For a year and a half, we have done a great job of optimizing the system, it has become more predictable. Nevertheless, plans to double the number of stores remained relevant, so the challenges still faced us.
On the way up, we encountered different bottlenecks. For example, at the end of 201? they realized that they had rested against the performance of a single core-service platform. This is a SAP ABAP logical lock service. Because of him, the system clearly could not withstand the growth of the load. Loss of big money loomed on the horizon.
To clarify, the task of the service is to bring logical transactionality to the application server level. In ABAP, a single transaction can take place in the form of several steps on different workflows. In order for the transaction to be complete, there is a lock service and associated mechanisms. The operations of locking and unlocking it happen quickly, but they are atomic, they can not be separated. At the same time there was a problem of synchronous I /O.
The service accelerated a bit after the SAP developers released a special patch, we transferred the service to another hardware and worked on the system settings, but this was still not enough. The passport service ceiling was about 7 thousand operations per second, and we have long needed 10 thousand 3r3313.  
After the synthetic load test, we found out that the degradation occurs nonlinearly and we are still at the service performance boundary, above which an unacceptable degradation of the entire ERP system is manifested. Repeated appeals to the developers gave only a disappointing verdict - the service works correctly, we just demand too much in the current architecture of the solution. Even if we immediately took it upon ourselves to redo the entire solution architecture, it would take us several months to maintain the efficiency of the current system.
One of the first options in an attempt to extend the life of a lock service is to speed up I /O operations and write them to the file system. Than? Experimenting with an alternative to AIX. Transferred the service to Linux on the most powerful Power-machine, and won a lot of response time. The service with the file system enabled was the same as on Aix with the disabled. Then this code was transferred to one of the x86_64 blades and got an even more fantastically shallower performance curve than before.
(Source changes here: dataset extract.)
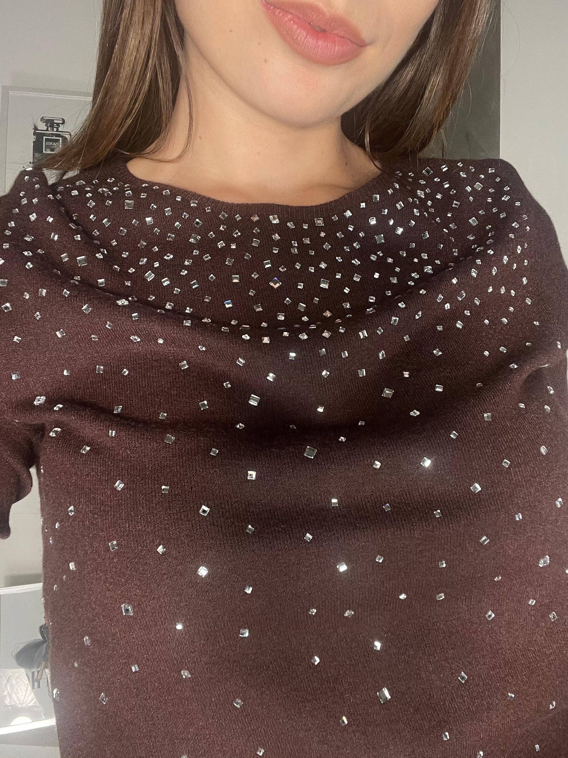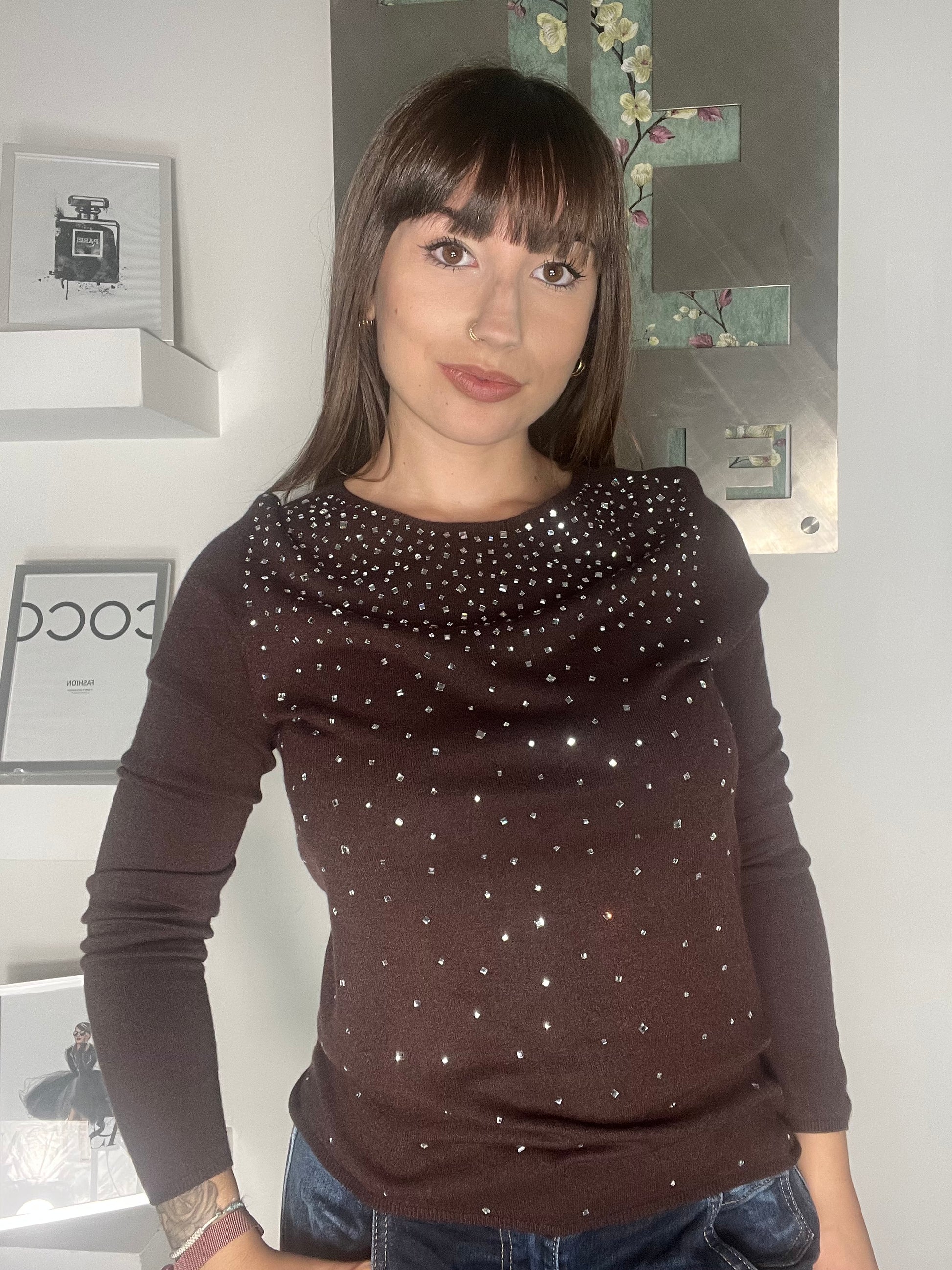 La maglia rasata avvolge con leggerezza, mentre i brillantini sul davanti catturano la luce ad ogni movimento, regalando un tocco di brillnte eleganza al tuo look quotidiano.

It looked funny.
One would assume that the developers on AIX and Linux in the past test did something differently, but here the processor architecture also had an effect.
What was the conclusion? Some kind of platform is ideally suited for multi-threaded databases, providing both performance and fault tolerance, but the processor on a different architecture may well cope with specific tasks. If at the start of building a solution to abandon cross-platform, you can lose space for maneuvers in the future.
Nevertheless, we dealt with this problem and the service began to work 3-4 times faster, which is enough for very long growth.

2016. DB CPU Bottleneck

Literally in half a year, exotic problems began to be felt with the CPU on the database. It seems to be clear that as the load grows, the consumption of processor resources grows. But most of it began to occupy SysTime, and obviously there was a problem in the kernel. They began to understand, do synthetic load tests and realized that our throughput is 300 thousand operations per second, i.e. billion requests per hour, and then - degradation.
As a result, we came to the conclusion that the ideal query is the one that does not exist. They expanded their optimization methodology with new approaches and conducted an audit of the ERP system: they began to look for requests, for example, with low efficiency (100 thousand selektov - as a result of 100 lines or even 0) - to redo. If “empty” requests cannot be removed, then let them go to “negative cache”, if appropriate. If many requests for the same data about goods are processed in parallel, then let them torment the application server, and not the base - we cache. Also, a large number of frequent single requests for a key are “enlarged” within one process, replacing them with rarer samples in terms of a key. Or, for example, to distribute the load in the processing chain, different steps could be performed on different application servers. This is good, but at different stages they may ask the same thing from the base. Then let the first step after starting on the application caches part of the requests, and it remains to finish the rest of the chain there.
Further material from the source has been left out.